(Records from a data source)

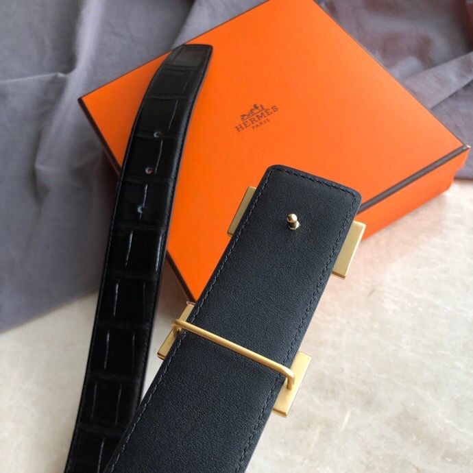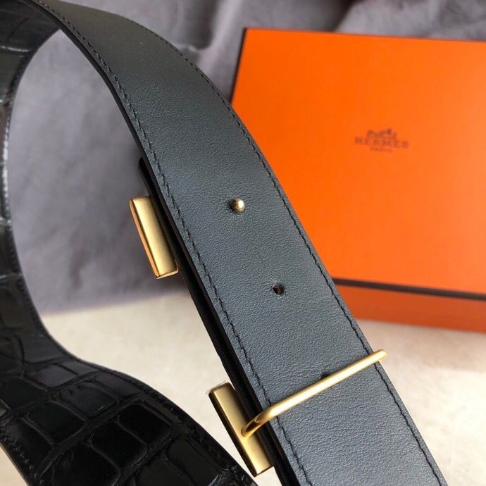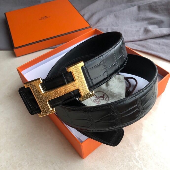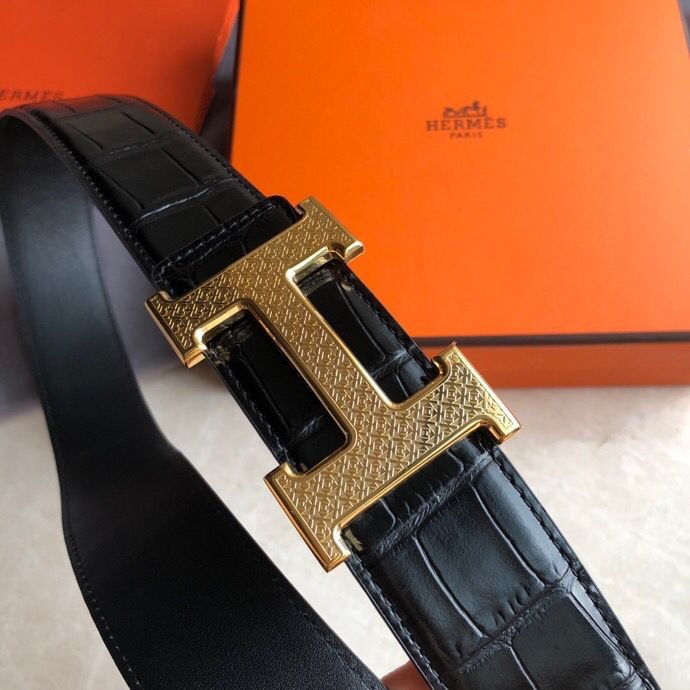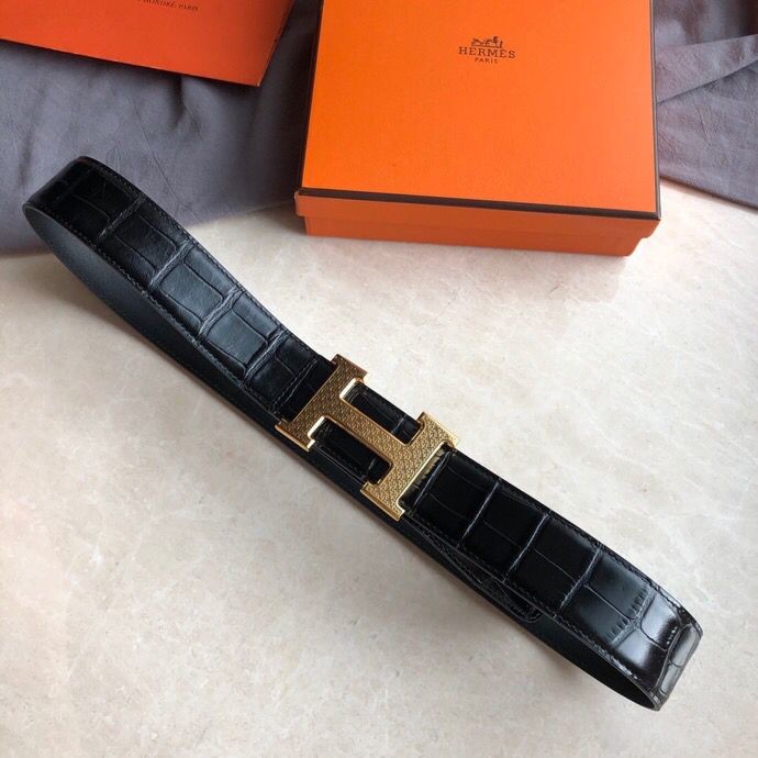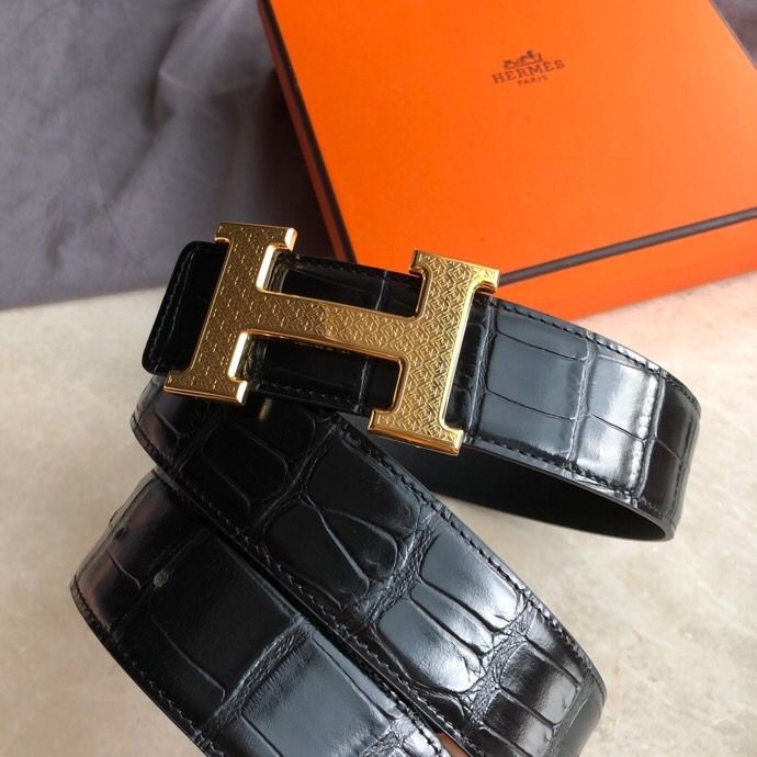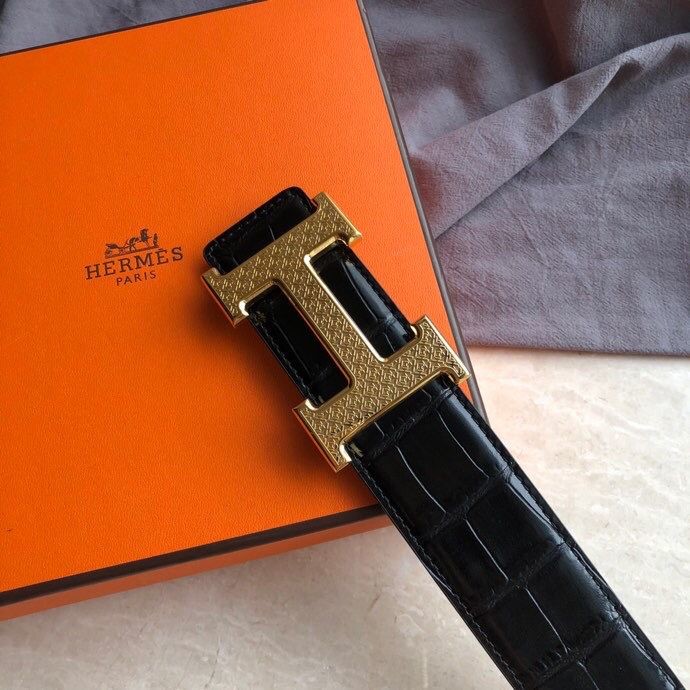 Hermes Stainless steel H pattern metal buckle & cowhide embossed crocodile pattern 38mm belt
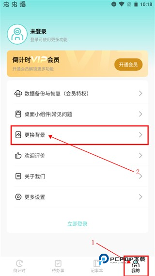进入倒计时软件,点击“我的”页面,点击“更换背景”
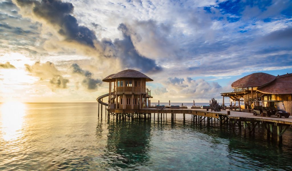 Download 1024x600 bridge, sea, buildings, sun, sunset wallpaper, background netbook, tablet
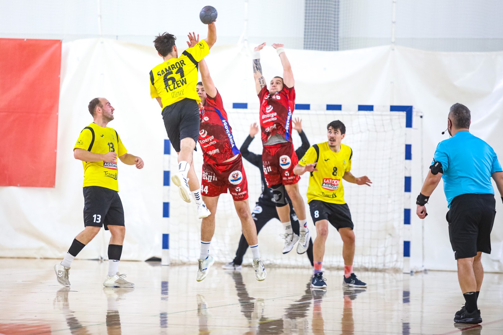 Zdjęcia z wygranego po rzutach karnych spotkania 21. kolejki Ligi Centralnej przeciwko Handball Stali Mielec. Autorką zdjęć Anna Kajat.
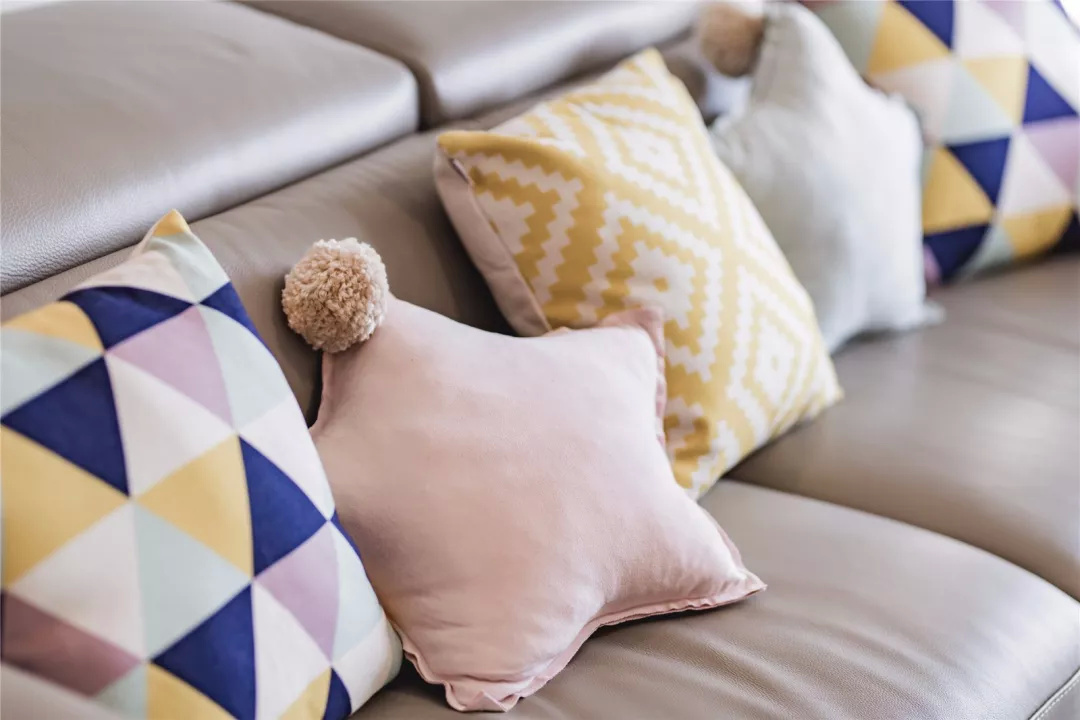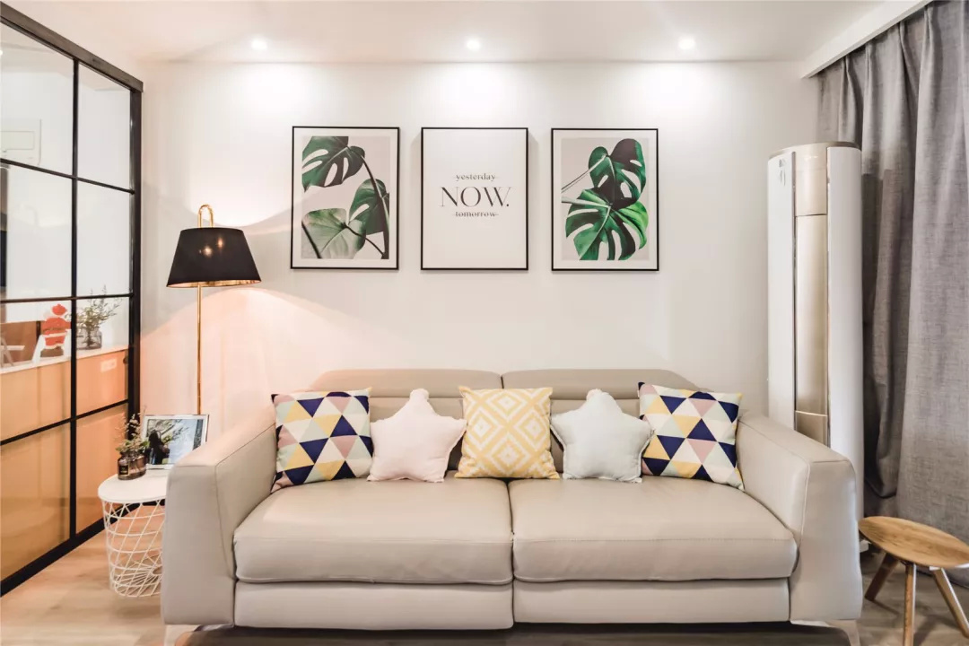 ▲干净的大白墙,沙发墙上几幅植物装饰画,搭配舒适柔和的软装,灰白的主色调中交织着绿色、黄色的活力,带来了时尚活力的视觉魅力。

*Goal of the exercise*
Omit every picture while transcribing the records above exactly.

*Written solution*
 Hermes Stainless steel H pattern metal buckle & cowhide embossed crocodile pattern 38mm belt
进入倒计时软件,点击“我的”页面,点击“更换背景”
 Download 1024x600 bridge, sea, buildings, sun, sunset wallpaper, background netbook, tablet
 Zdjęcia z wygranego po rzutach karnych spotkania 21. kolejki Ligi Centralnej przeciwko Handball Stali Mielec. Autorką zdjęć Anna Kajat.
 ▲干净的大白墙,沙发墙上几幅植物装饰画,搭配舒适柔和的软装,灰白的主色调中交织着绿色、黄色的活力,带来了时尚活力的视觉魅力。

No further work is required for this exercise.